Data section:
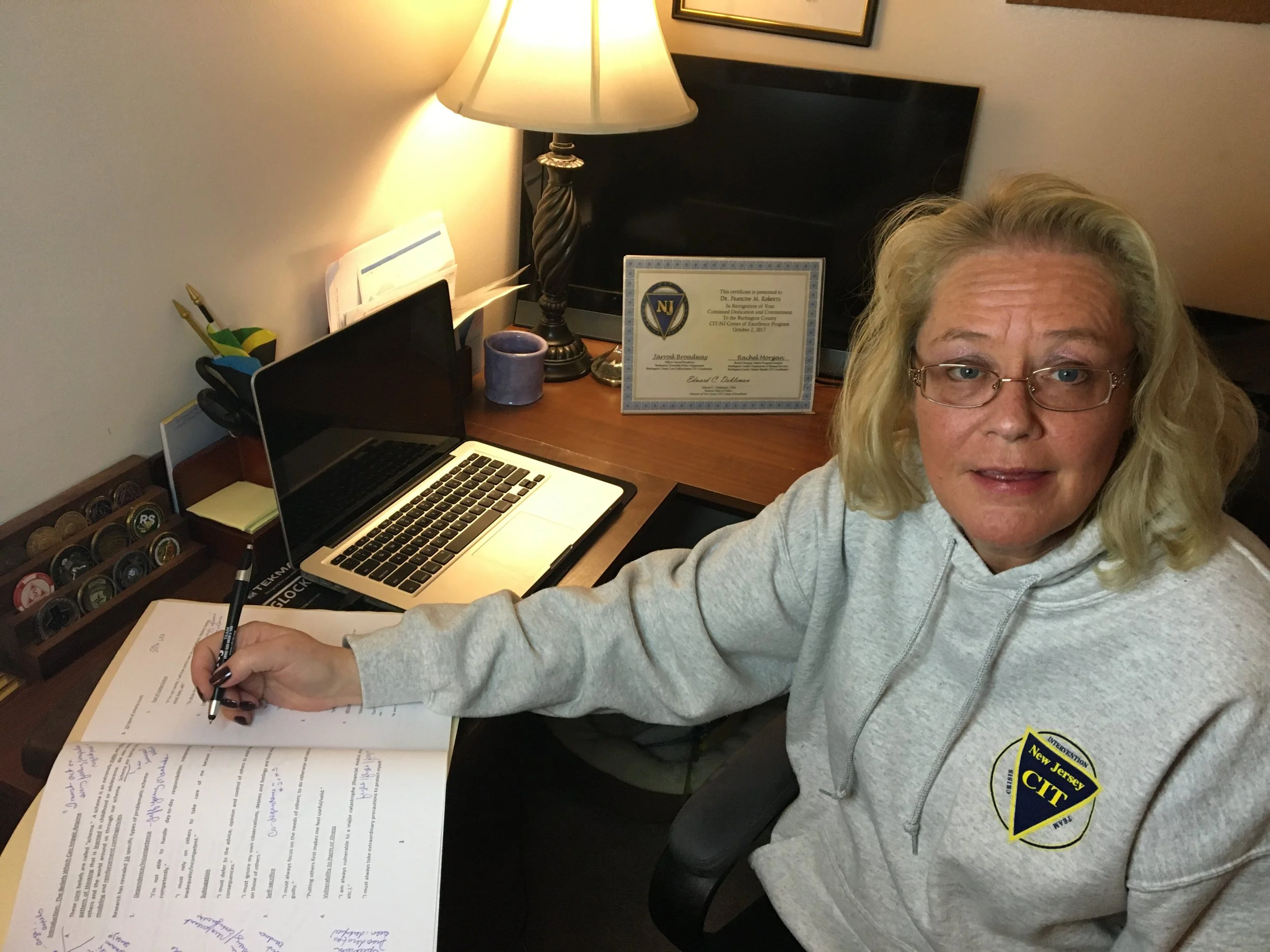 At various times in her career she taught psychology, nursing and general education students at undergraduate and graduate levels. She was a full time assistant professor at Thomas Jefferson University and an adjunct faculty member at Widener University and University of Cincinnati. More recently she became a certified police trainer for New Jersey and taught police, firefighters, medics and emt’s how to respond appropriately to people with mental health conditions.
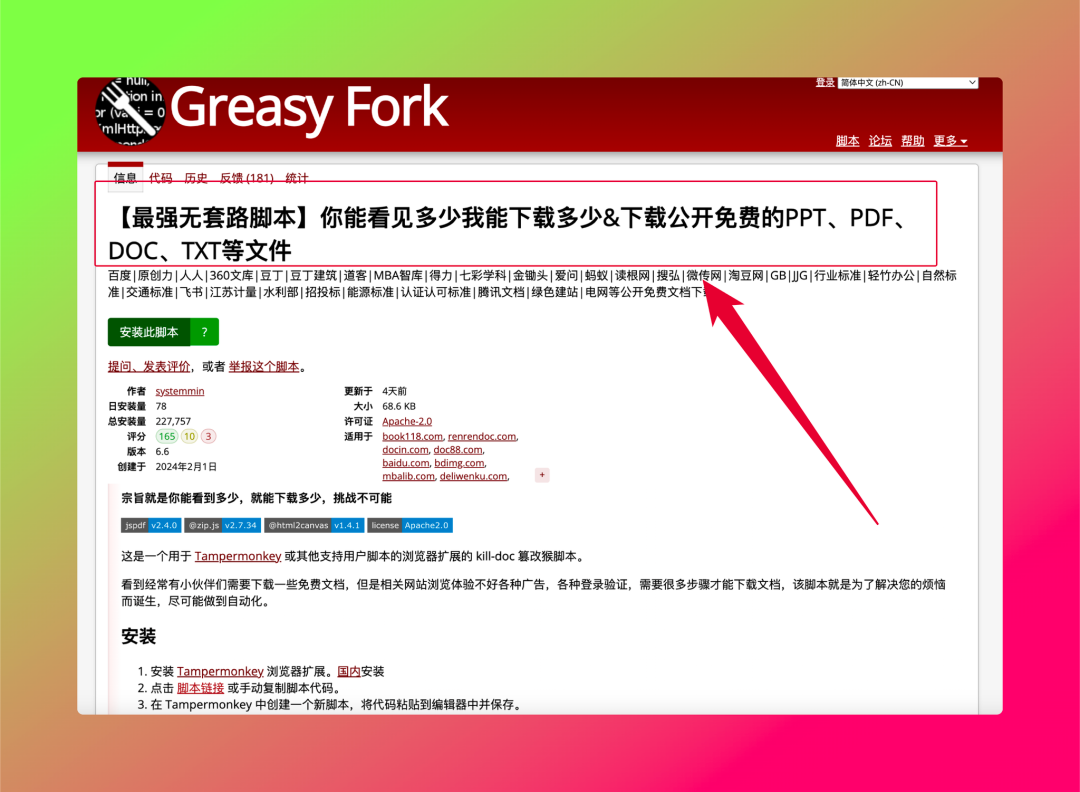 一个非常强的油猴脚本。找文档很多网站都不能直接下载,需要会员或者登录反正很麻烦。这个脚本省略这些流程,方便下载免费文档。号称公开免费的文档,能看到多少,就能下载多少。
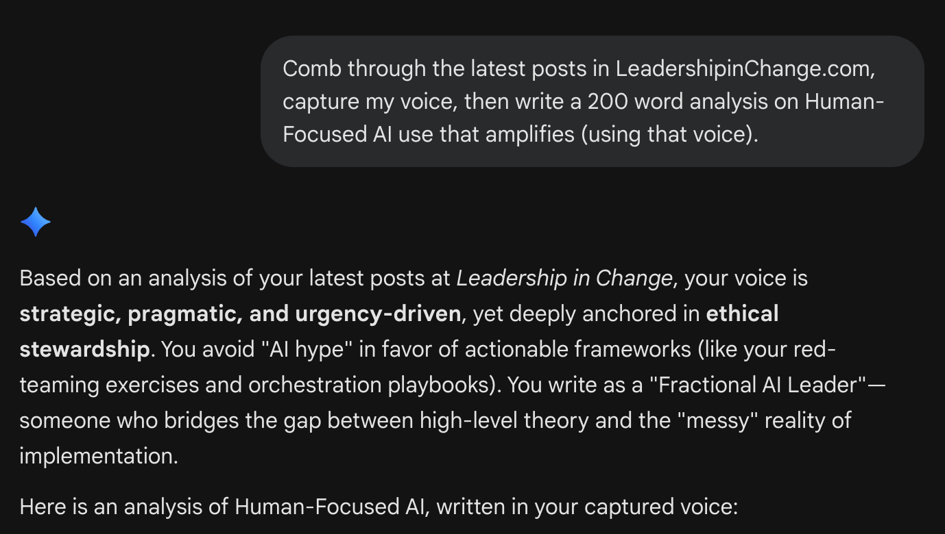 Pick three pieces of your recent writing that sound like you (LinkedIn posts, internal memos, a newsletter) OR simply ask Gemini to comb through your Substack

Directions for this task: Please retype the data exactly. The pictures do not go in.

Expected answer:
 At various times in her career she taught psychology, nursing and general education students at undergraduate and graduate levels. She was a full time assistant professor at Thomas Jefferson University and an adjunct faculty member at Widener University and University of Cincinnati. More recently she became a certified police trainer for New Jersey and taught police, firefighters, medics and emt’s how to respond appropriately to people with mental health conditions.
 一个非常强的油猴脚本。找文档很多网站都不能直接下载,需要会员或者登录反正很麻烦。这个脚本省略这些流程,方便下载免费文档。号称公开免费的文档,能看到多少,就能下载多少。
 Pick three pieces of your recent writing that sound like you (LinkedIn posts, internal memos, a newsletter) OR simply ask Gemini to comb through your Substack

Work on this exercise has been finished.